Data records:
——

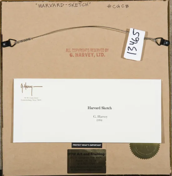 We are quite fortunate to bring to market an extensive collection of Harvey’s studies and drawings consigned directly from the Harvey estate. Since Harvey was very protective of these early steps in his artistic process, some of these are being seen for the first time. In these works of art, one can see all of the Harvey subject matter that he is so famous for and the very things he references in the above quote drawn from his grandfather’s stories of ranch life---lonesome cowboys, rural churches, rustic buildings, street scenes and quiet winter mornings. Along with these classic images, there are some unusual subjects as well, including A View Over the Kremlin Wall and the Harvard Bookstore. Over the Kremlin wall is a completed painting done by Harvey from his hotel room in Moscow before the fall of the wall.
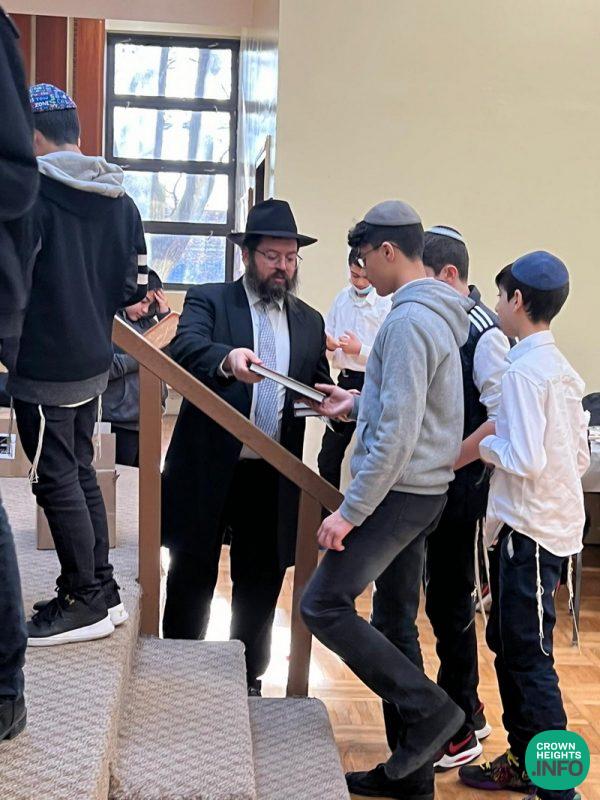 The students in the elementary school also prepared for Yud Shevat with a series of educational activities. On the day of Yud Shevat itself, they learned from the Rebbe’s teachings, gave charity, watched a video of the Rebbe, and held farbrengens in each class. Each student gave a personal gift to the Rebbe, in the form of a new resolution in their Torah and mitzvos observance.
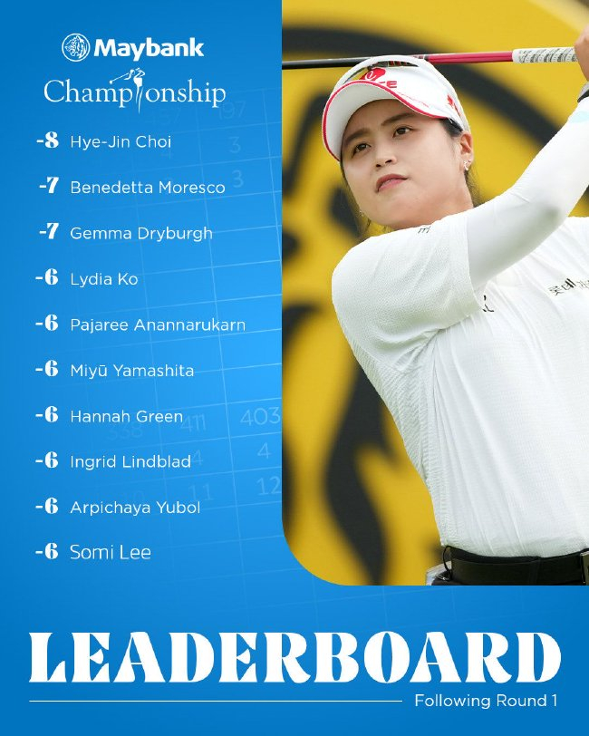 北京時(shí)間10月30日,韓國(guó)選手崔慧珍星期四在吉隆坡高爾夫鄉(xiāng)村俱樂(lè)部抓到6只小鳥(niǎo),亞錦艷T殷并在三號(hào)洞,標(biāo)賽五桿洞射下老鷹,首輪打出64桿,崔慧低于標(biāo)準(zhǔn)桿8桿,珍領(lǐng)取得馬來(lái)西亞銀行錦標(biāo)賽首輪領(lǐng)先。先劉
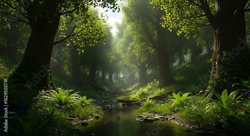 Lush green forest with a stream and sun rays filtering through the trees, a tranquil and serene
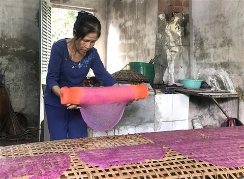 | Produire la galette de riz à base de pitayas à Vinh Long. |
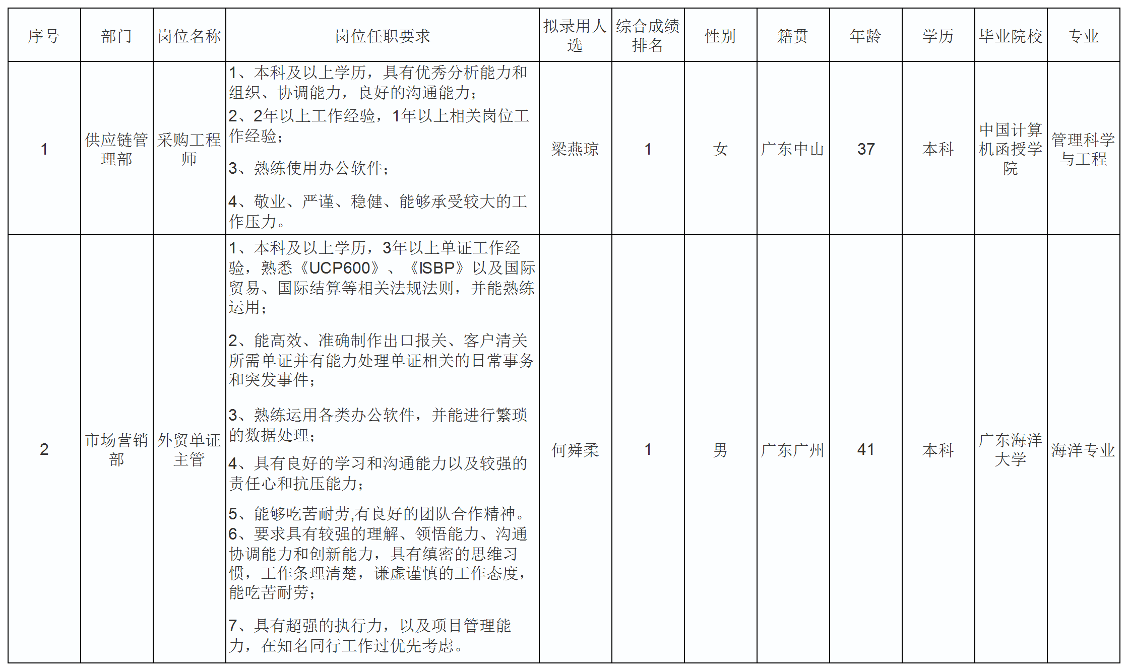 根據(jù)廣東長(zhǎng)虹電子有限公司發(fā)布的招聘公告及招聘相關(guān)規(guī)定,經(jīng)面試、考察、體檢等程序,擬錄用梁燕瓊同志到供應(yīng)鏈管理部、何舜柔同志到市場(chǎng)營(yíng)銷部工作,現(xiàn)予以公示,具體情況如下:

——

Now transcribe the lines above exactly, starting at the line containing "The students in" and ending at the line containing "北京時(shí)間10月30", both lines included, pictures excluded.

 The students in the elementary school also prepared for Yud Shevat with a series of educational activities. On the day of Yud Shevat itself, they learned from the Rebbe’s teachings, gave charity, watched a video of the Rebbe, and held farbrengens in each class. Each student gave a personal gift to the Rebbe, in the form of a new resolution in their Torah and mitzvos observance.
 北京時(shí)間10月30日,韓國(guó)選手崔慧珍星期四在吉隆坡高爾夫鄉(xiāng)村俱樂(lè)部抓到6只小鳥(niǎo),亞錦艷T殷并在三號(hào)洞,標(biāo)賽五桿洞射下老鷹,首輪打出64桿,崔慧低于標(biāo)準(zhǔn)桿8桿,珍領(lǐng)取得馬來(lái)西亞銀行錦標(biāo)賽首輪領(lǐng)先。先劉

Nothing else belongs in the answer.